Steve Russell, chairman of Network Rail’s remuneration committee said: “Network Rail plays a pivotal role in running Europe’s most intensively used rail network with the responsibility of moving almost four million people safely every day. It is a hugely complex business, investing billions each year on improvements, and helping the UK economy to continue its recovery. Having an executive incentive scheme is essential for the company to attract and retain top talent.”
The Annual Incentive Plan:
The new annual incentive plan (AIP) has a maximum potential award of 60%.
Steve Russell said: “The company has this year cancelled directors’ annual bonuses and suspended its executive incentive scheme while it underwent a thorough review. This new scheme cuts the potential annual award by 40%, has tough targets, will be independently assessed by our regulator, and will only reward clear, unequivocal success and outstanding performance.”
In order for an award to be made under the new annual scheme, two objectives relating to the punctuality of trains (both passenger and freight) and the condition of the infrastructure must be met. The Office of Rail Regulation’s annual assessment of our performance will inform Network Rail’s remuneration committee’s judgement. Failure to meet targets in these areas will normally mean no bonus being awarded.
Assuming these hurdles are passed, there are six business goals to be measured against, each making up 10% of the potential award. In addition the remuneration committee will exercise structured discretion taking into account safety as well as passenger, customer and supplier views.
The long-term scheme:
The existing long-term incentive plan (LTIP) has been scrapped and replaced with a long-term gain-share scheme that incentivises the executive directors to outperform regulatory targets for control period 4 (2009-14) and thereby deliver even more savings for the taxpayer.
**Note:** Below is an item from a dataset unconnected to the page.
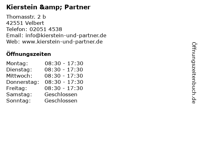 Öffnungszeiten Kierstein & Partner in Velbert anzeigen | |

Steve Russell continued: “The new long-term scheme will only reward sustained performance that exceeds targets and expectations. Meeting our regulatory objectives and targets over our five-year control period is not enough. Only extraordinary performance can result in the directors sharing in a portion of this success.”
One of the key measures of the successful delivery of CP4 is the regulatory target of making cost efficiency savings of £5.2bn - or 22%. If the company succeeds in delivering above and beyond this ORR target, the top ten executives may be eligible to share in these and other additional savings. This share would be in a range of 0% to 2.6% of whatever extra savings (capped at a maximum of £600m) are made, with the extent of the extra savings being identified and verified by the ORR. Eligibility will be subject to other key regulatory targets also being met.